• Task requirements: Apart from the images, reproduce every record word for word.

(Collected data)
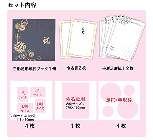 - サイズ:縦31cm×横31cm 厚さ約2.4cm 中枠9枚(命名書用1枚/写真用4枚/手形・足形用4枚) 命名紙2枚 手形・足形用紙12枚付き
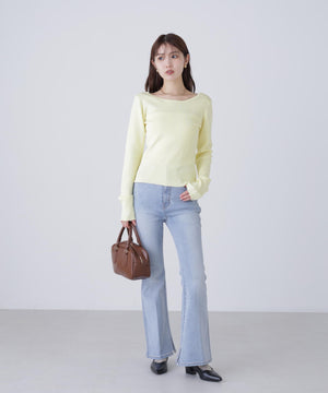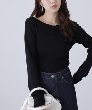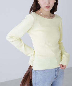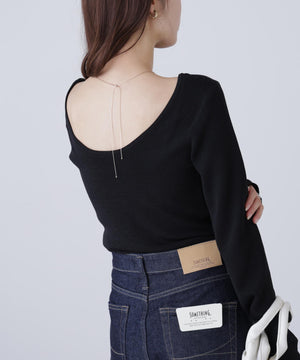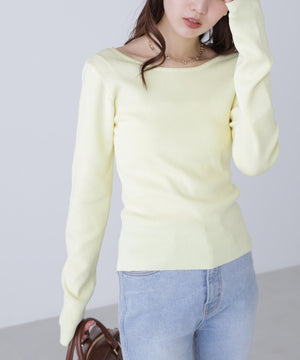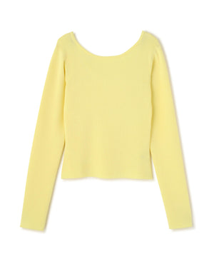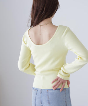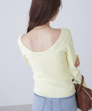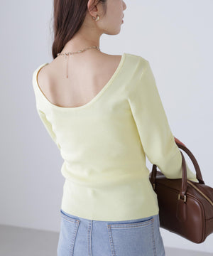 【着回し◎】一枚でも着映える、バックオープンデザインのコンパクトニット。ジャケットのインナーとしても活躍してくれます。デニム・スラックス・イレヘムスカート合わせがおすすめ。ロングシーズン着用可能なさらりとしたタッチのニット素材を使用。トレンドカラーのイエローも揃えています。
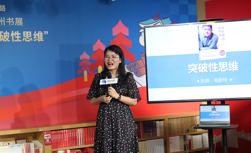 2021南国书香节暨第十一届惠州书展的“奋斗之路与新征程离不开突破性思维”读书分享会环节,樊登读书惠州运营中心讲师毛妙玲与大家分享了突破性思维对社会、个人的意义和作用,并推荐了相关书目。
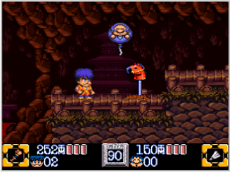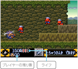 ※高速ステージや3Dボス対戦ステージの場合、「ゴエモン・いんぱくと」のエネルギーが0になると、1P、2Pともにミスとなります。 |
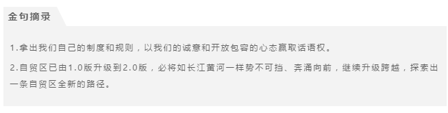 虽然我们离真正的自贸区还有很长的路要走,但戴教授对此充满信心。自贸区已由1.0版升级到2.0版,必将如长江黄河一样势不可挡、奔涌向前,继续升级跨越,探索出一条自贸区全新的路径。
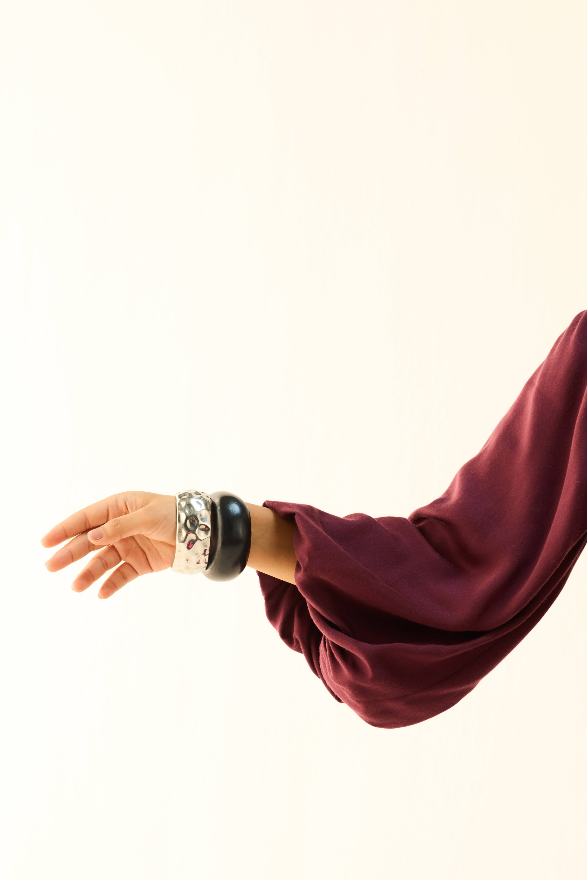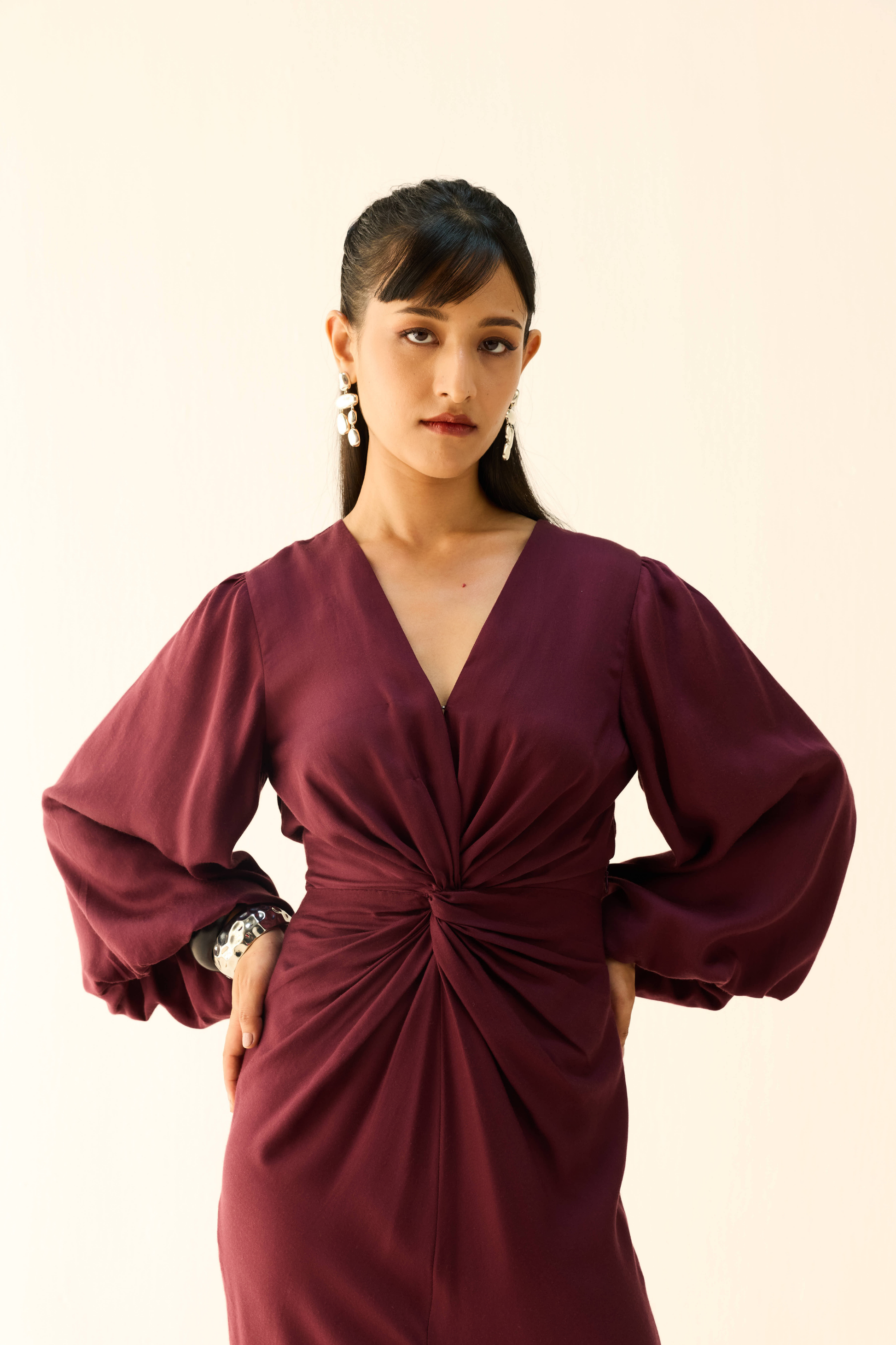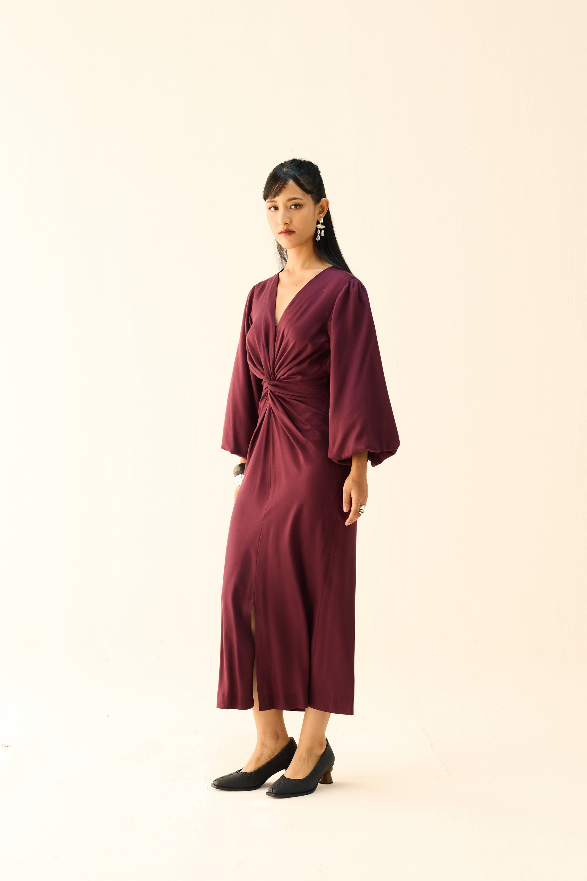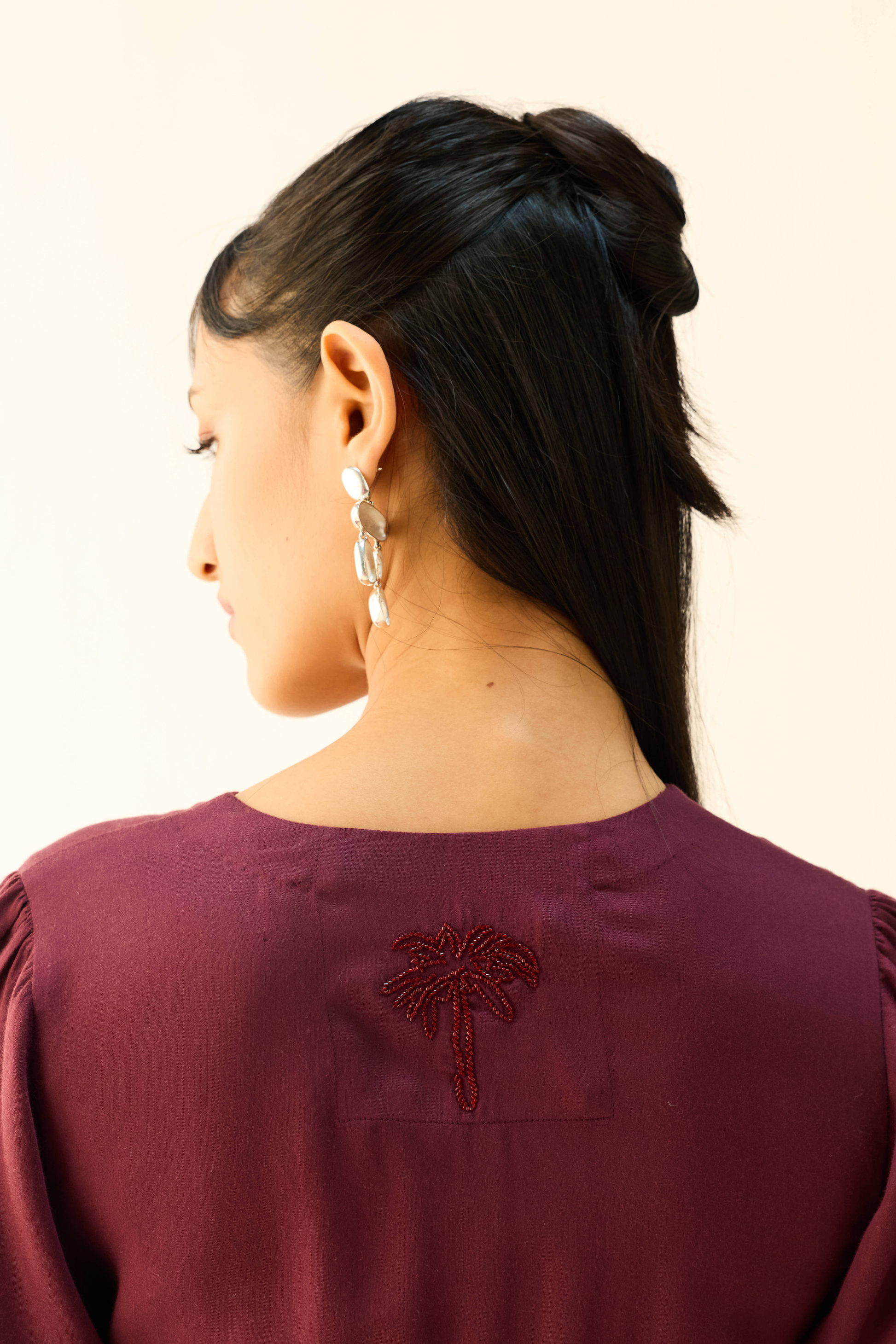 Fitted, v-neck, full puff sleeve, maxi dress, that gathers in the front, crafted in azo-free dyed Tencel fabric, hand embroidered with nature-inspired motifs.
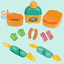 Игрушечная посуда и еда позволяют детям притвориться, что готовят ужин, и узнают о выживании на природе.
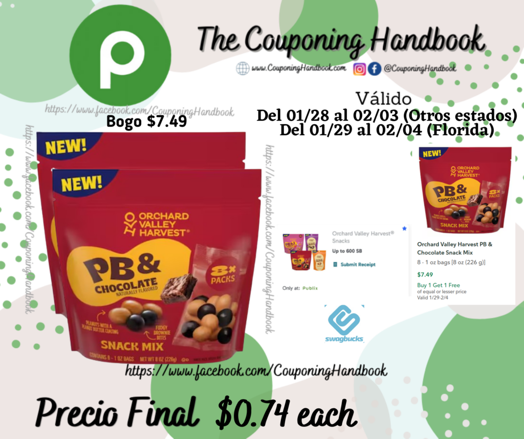 Compra 02 Orchard Valley Harvest PB & Chocolate Snack Mix (Bogo $7.49)…..; pagarás $7.49 por los 02 productos.

• Answer:
 - サイズ:縦31cm×横31cm 厚さ約2.4cm 中枠9枚(命名書用1枚/写真用4枚/手形・足形用4枚) 命名紙2枚 手形・足形用紙12枚付き
 【着回し◎】一枚でも着映える、バックオープンデザインのコンパクトニット。ジャケットのインナーとしても活躍してくれます。デニム・スラックス・イレヘムスカート合わせがおすすめ。ロングシーズン着用可能なさらりとしたタッチのニット素材を使用。トレンドカラーのイエローも揃えています。
 2021南国书香节暨第十一届惠州书展的“奋斗之路与新征程离不开突破性思维”读书分享会环节,樊登读书惠州运营中心讲师毛妙玲与大家分享了突破性思维对社会、个人的意义和作用,并推荐了相关书目。
 ※高速ステージや3Dボス対戦ステージの場合、「ゴエモン・いんぱくと」のエネルギーが0になると、1P、2Pともにミスとなります。 |
 虽然我们离真正的自贸区还有很长的路要走,但戴教授对此充满信心。自贸区已由1.0版升级到2.0版,必将如长江黄河一样势不可挡、奔涌向前,继续升级跨越,探索出一条自贸区全新的路径。
 Fitted, v-neck, full puff sleeve, maxi dress, that gathers in the front, crafted in azo-free dyed Tencel fabric, hand embroidered with nature-inspired motifs.
 Игрушечная посуда и еда позволяют детям притвориться, что готовят ужин, и узнают о выживании на природе.
 Compra 02 Orchard Valley Harvest PB & Chocolate Snack Mix (Bogo $7.49)…..; pagarás $7.49 por los 02 productos.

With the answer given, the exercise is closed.